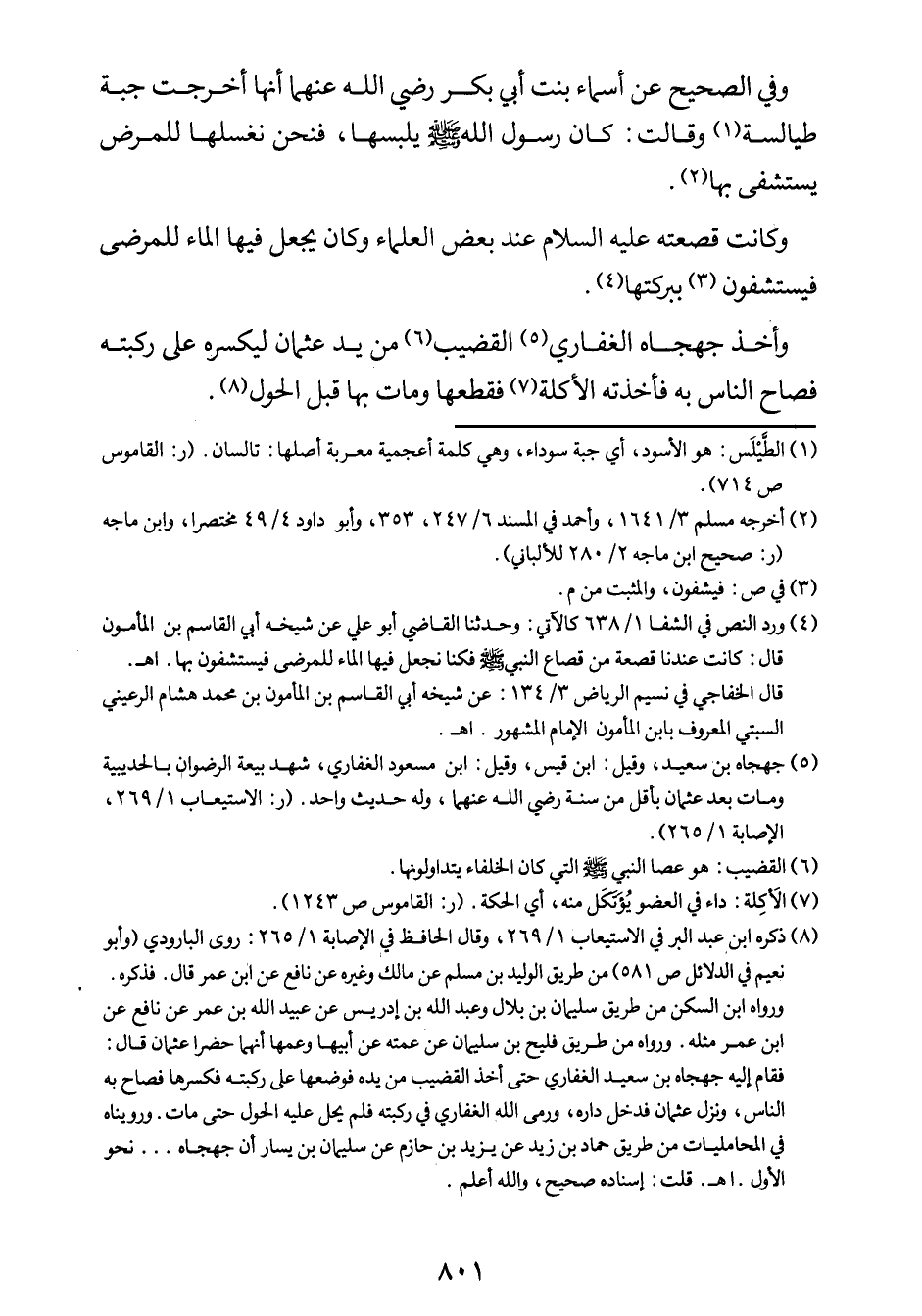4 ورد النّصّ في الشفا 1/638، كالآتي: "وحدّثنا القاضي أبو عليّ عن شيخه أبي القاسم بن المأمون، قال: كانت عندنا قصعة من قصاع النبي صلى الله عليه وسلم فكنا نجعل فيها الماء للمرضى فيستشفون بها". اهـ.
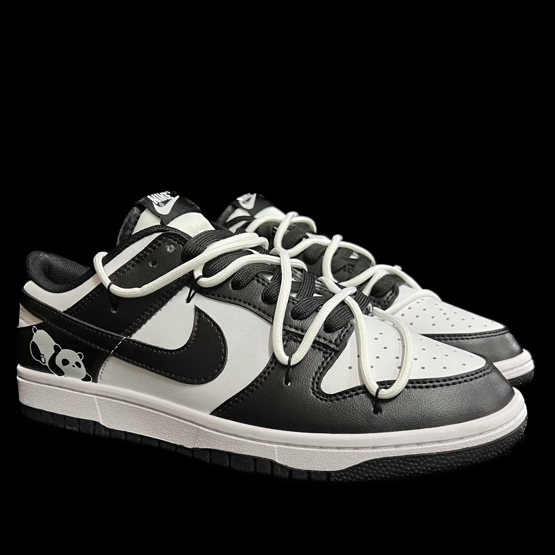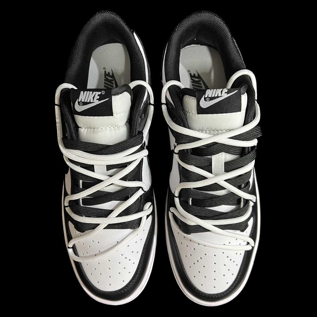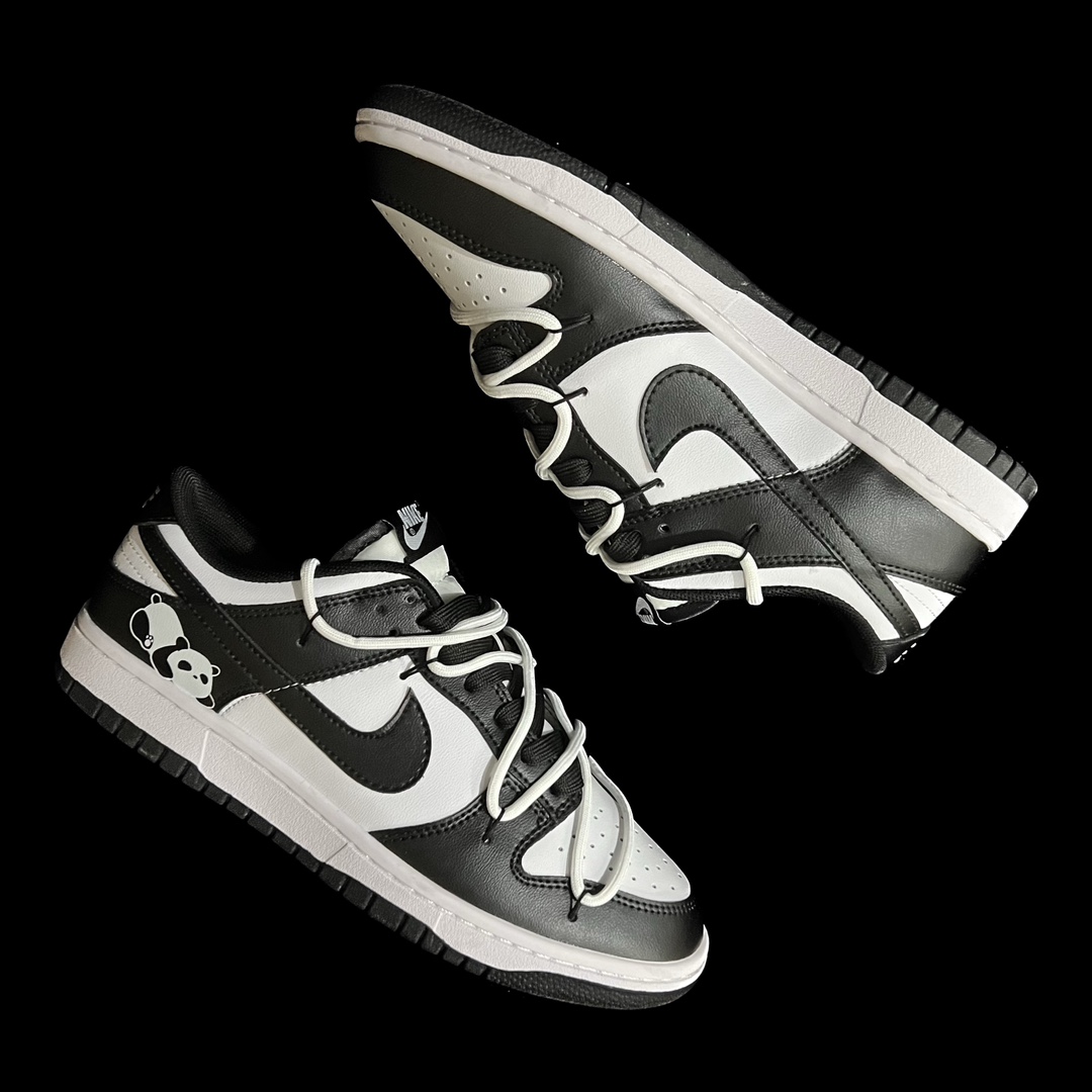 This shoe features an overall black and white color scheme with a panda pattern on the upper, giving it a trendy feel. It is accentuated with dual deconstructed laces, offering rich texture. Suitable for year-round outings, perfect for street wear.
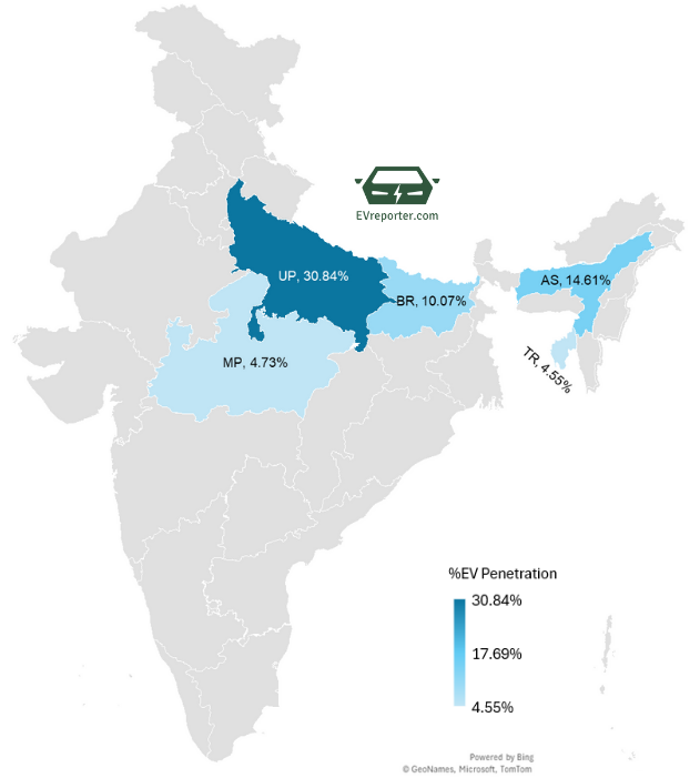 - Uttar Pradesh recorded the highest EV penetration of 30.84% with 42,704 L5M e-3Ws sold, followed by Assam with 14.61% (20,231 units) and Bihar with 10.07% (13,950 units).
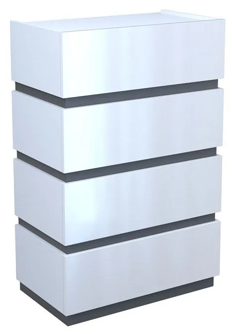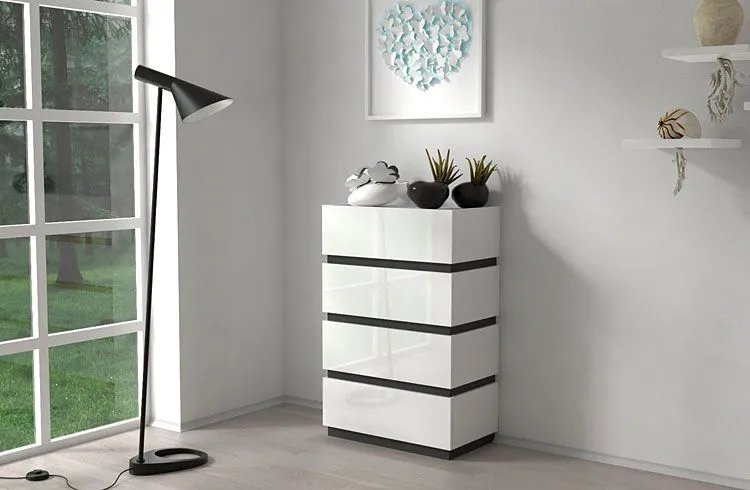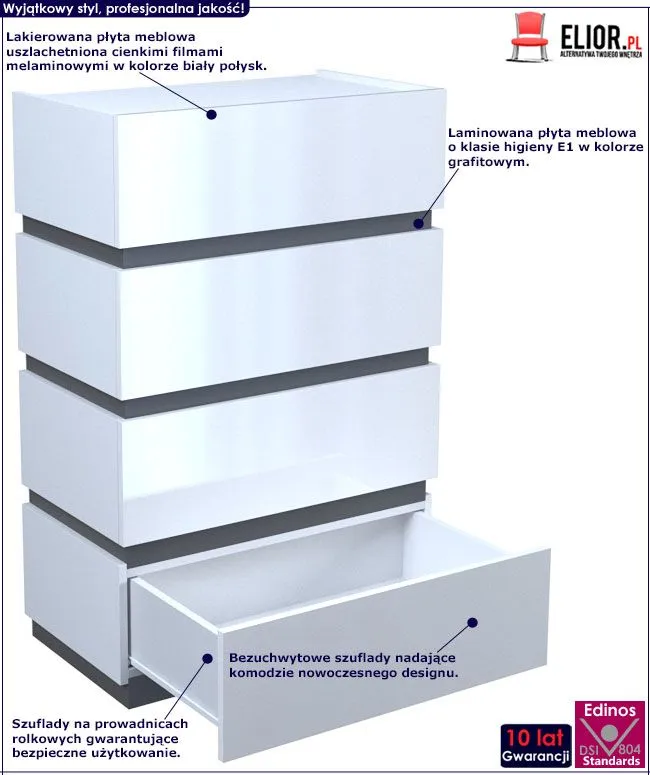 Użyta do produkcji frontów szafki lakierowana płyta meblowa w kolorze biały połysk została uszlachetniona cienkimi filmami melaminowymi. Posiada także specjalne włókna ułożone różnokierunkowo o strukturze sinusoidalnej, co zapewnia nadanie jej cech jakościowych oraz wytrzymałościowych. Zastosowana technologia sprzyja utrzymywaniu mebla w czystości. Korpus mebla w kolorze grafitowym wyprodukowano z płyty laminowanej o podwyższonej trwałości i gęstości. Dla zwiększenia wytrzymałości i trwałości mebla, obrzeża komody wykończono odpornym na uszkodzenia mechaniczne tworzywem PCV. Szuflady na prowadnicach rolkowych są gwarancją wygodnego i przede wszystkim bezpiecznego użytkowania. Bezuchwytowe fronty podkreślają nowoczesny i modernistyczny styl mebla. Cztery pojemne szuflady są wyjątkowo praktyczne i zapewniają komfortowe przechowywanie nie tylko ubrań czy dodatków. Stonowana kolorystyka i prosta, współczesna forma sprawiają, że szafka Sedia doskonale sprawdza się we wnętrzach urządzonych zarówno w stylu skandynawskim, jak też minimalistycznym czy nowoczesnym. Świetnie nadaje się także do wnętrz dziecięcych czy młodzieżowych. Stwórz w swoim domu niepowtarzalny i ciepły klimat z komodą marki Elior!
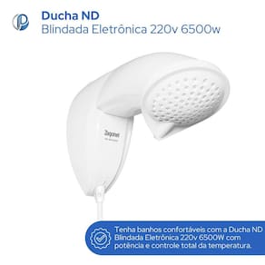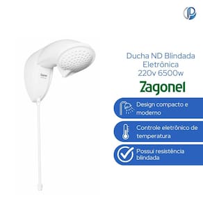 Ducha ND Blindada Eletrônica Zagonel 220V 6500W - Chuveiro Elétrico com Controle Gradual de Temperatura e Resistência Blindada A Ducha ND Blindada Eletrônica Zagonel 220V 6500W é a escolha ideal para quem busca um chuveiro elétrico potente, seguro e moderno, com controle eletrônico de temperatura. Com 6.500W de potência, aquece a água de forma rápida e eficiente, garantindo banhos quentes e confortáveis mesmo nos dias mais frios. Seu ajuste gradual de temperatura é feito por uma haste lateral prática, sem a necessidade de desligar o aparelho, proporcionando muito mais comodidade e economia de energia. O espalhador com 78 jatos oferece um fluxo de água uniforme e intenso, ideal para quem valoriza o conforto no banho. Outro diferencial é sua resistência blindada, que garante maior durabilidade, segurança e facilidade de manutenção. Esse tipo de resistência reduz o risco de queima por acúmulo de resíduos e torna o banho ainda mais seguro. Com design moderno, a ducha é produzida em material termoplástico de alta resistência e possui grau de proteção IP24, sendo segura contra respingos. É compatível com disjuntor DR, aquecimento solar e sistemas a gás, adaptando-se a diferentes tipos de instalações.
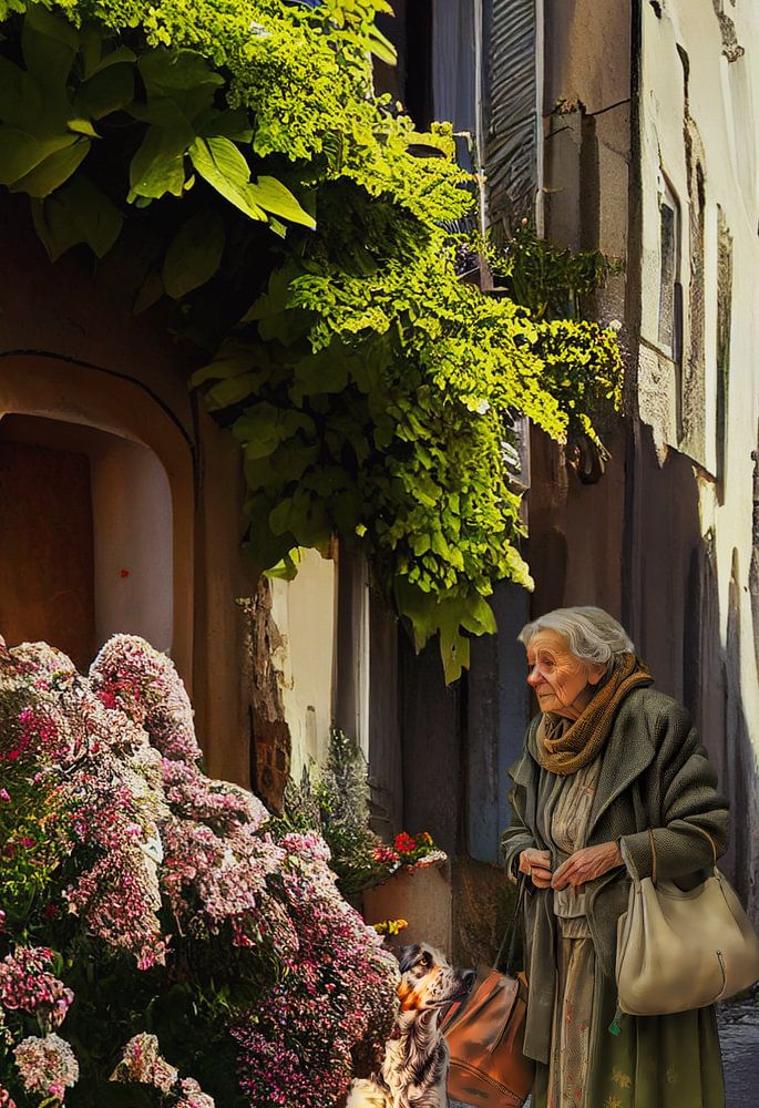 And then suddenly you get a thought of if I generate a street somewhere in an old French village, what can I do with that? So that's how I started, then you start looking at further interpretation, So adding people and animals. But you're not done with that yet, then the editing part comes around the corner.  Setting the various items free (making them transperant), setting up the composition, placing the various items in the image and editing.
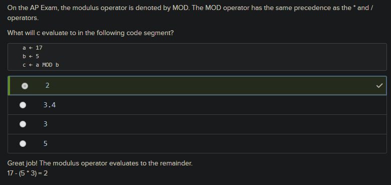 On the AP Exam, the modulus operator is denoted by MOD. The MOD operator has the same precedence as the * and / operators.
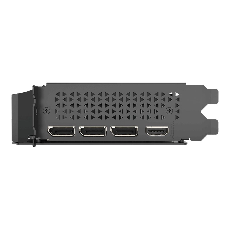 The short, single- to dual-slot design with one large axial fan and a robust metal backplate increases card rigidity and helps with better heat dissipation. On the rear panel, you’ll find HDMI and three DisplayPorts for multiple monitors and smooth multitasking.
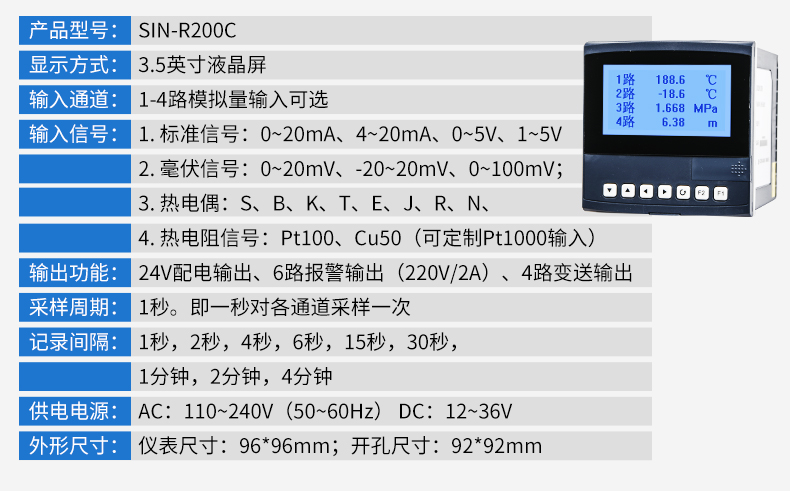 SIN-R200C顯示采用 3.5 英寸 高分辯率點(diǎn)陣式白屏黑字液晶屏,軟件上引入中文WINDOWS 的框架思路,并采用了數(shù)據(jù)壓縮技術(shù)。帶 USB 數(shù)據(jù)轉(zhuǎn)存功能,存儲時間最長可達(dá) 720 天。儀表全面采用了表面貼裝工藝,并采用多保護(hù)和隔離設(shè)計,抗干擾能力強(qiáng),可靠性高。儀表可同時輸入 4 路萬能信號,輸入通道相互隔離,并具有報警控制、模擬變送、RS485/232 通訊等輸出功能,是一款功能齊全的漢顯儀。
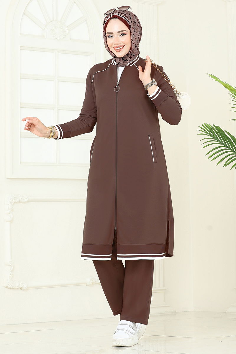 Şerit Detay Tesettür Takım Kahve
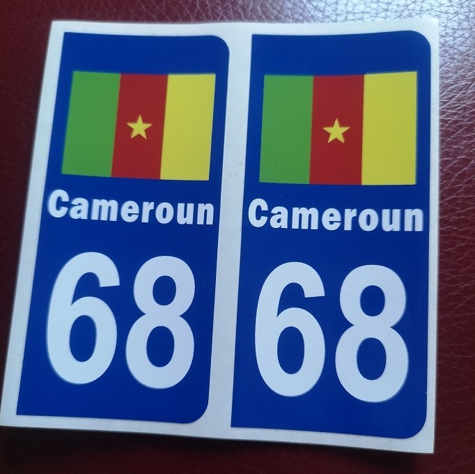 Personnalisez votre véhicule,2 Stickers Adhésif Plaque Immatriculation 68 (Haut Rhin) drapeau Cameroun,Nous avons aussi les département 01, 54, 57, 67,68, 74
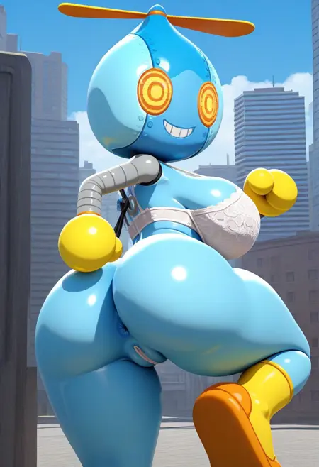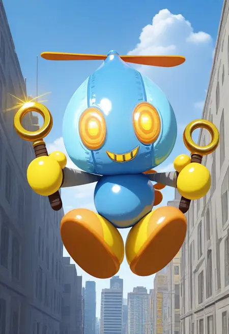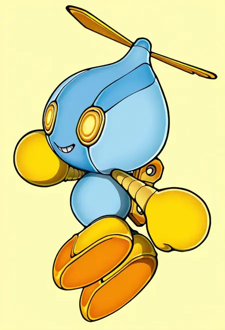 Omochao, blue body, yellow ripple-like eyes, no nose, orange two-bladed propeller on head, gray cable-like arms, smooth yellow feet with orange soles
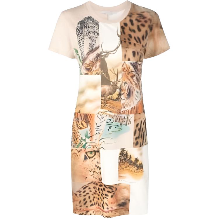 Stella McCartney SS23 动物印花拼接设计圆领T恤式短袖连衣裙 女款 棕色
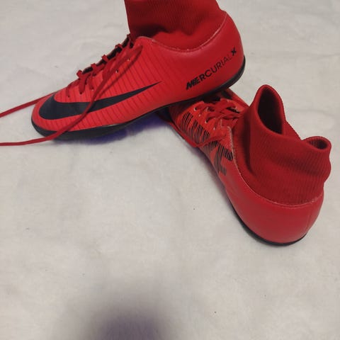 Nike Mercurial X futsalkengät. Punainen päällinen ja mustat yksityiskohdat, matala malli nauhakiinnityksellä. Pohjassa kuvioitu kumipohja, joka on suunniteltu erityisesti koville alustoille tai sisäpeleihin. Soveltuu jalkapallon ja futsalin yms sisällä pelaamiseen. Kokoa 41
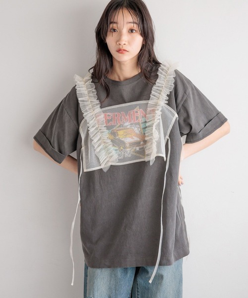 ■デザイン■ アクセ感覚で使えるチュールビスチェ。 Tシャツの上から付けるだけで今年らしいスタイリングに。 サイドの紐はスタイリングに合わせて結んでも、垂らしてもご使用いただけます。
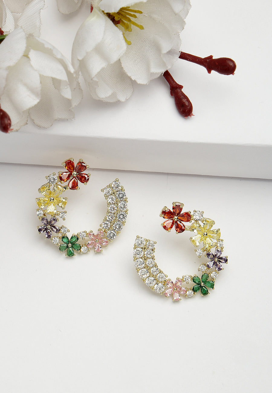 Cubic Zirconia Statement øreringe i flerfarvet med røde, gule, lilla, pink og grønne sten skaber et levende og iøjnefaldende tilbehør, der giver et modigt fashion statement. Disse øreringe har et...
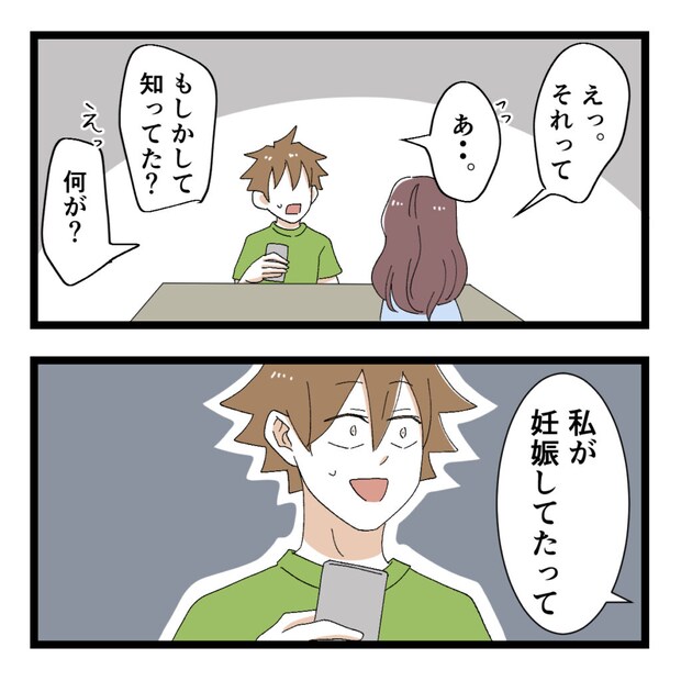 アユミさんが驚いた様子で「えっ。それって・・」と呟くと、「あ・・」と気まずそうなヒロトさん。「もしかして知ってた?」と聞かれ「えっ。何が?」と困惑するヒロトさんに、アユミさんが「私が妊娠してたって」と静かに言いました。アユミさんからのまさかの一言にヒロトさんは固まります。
___
Work order - In the listing above, find the line containing "SIN-R200C顯示采用 3.5 英寸" and the line containing "Cubic Zirconia Statement". Reproduce those lines and all between them exactly, with no pictures and nothing more.

Answer to this exercise -
 SIN-R200C顯示采用 3.5 英寸 高分辯率點(diǎn)陣式白屏黑字液晶屏,軟件上引入中文WINDOWS 的框架思路,并采用了數(shù)據(jù)壓縮技術(shù)。帶 USB 數(shù)據(jù)轉(zhuǎn)存功能,存儲時間最長可達(dá) 720 天。儀表全面采用了表面貼裝工藝,并采用多保護(hù)和隔離設(shè)計,抗干擾能力強(qiáng),可靠性高。儀表可同時輸入 4 路萬能信號,輸入通道相互隔離,并具有報警控制、模擬變送、RS485/232 通訊等輸出功能,是一款功能齊全的漢顯儀。
 Şerit Detay Tesettür Takım Kahve
 Personnalisez votre véhicule,2 Stickers Adhésif Plaque Immatriculation 68 (Haut Rhin) drapeau Cameroun,Nous avons aussi les département 01, 54, 57, 67,68, 74
 Omochao, blue body, yellow ripple-like eyes, no nose, orange two-bladed propeller on head, gray cable-like arms, smooth yellow feet with orange soles
 Stella McCartney SS23 动物印花拼接设计圆领T恤式短袖连衣裙 女款 棕色
 Nike Mercurial X futsalkengät. Punainen päällinen ja mustat yksityiskohdat, matala malli nauhakiinnityksellä. Pohjassa kuvioitu kumipohja, joka on suunniteltu erityisesti koville alustoille tai sisäpeleihin. Soveltuu jalkapallon ja futsalin yms sisällä pelaamiseen. Kokoa 41
 ■デザイン■ アクセ感覚で使えるチュールビスチェ。 Tシャツの上から付けるだけで今年らしいスタイリングに。 サイドの紐はスタイリングに合わせて結んでも、垂らしてもご使用いただけます。
 Cubic Zirconia Statement øreringe i flerfarvet med røde, gule, lilla, pink og grønne sten skaber et levende og iøjnefaldende tilbehør, der giver et modigt fashion statement. Disse øreringe har et...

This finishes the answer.